Alameda police data shows that 64.7% of total arrests were made against city residents in 2015, whereas just half were made against residents in 2019. The total declined from 1,812 to 1,084 over that period, the most recent one provided by police. The city’s official media liaison did not answer a request to explain the numbers, and a traffic official declined to comment on the shifts in traffic observed by city dwellers.

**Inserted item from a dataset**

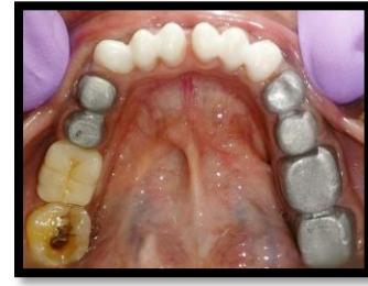
Fig. 8: Coping Try-in: Mandibular Arch

City documents show that transportation planners are eyeing lane redesigns on Central Avenue, a major cross-island thoroughfare, that would add turn lanes, bike lanes, roundabouts, curb extensions, new crosswalks and pedestrian-refuge islands. The city is still building out its Cross Alameda Trail, a four-mile cycling and walking corridor that connects West Alameda to the Eastside’s Miller-Sweeney [Fruitvale] Bridge toward Oakland. The city spokesperson says Alameda is contemplating a bicycle-pedestrian bridge into Oakland, with any construction some eight-to-10 years off.
City leaders hope to reduce single-driver commutes by following up a 2009 study on comfortable ways to walk, bike and take public transit.
But the cars keep coming. A deficiency plan to mitigate traffic near the 215-acre Catellus Mixed Use Development that includes the ever-popular Alameda Landing mall near the two tubes indicates that as many as 1,000 more cars would come and go from Oakland. It suggests that “improvements” on the Oakland side could accommodate that traffic.
Ernest Dickinson, a 56-year-old Alameda native now living in Oakland, advocates building another motor-vehicle bridge. New housing slated for West Alameda will create more drivers, he said, and the existing tubes get so snarled during morning commutes that he’s had to leave early for work at Best Buy in Emeryville to avoid a 30-minute wait during his ideal time slot. “Pre-pandemic, the tube would be clogged with cars, and I think we need another bridge both to relieve traffic and as an alternative to getting off the island during a natural disaster or another crisis,” he says. “I think we really need to think about the infrastructure before we build all these houses.”
Roberts, a regular cyclist who was drawn to Alameda for its roadside bike lanes, gets ever-more-peeved as speeders challenge her two-wheeled rides. “I’m terrible,” she concedes. “I’ll throw a rock, so it bounces under the cage of their car.”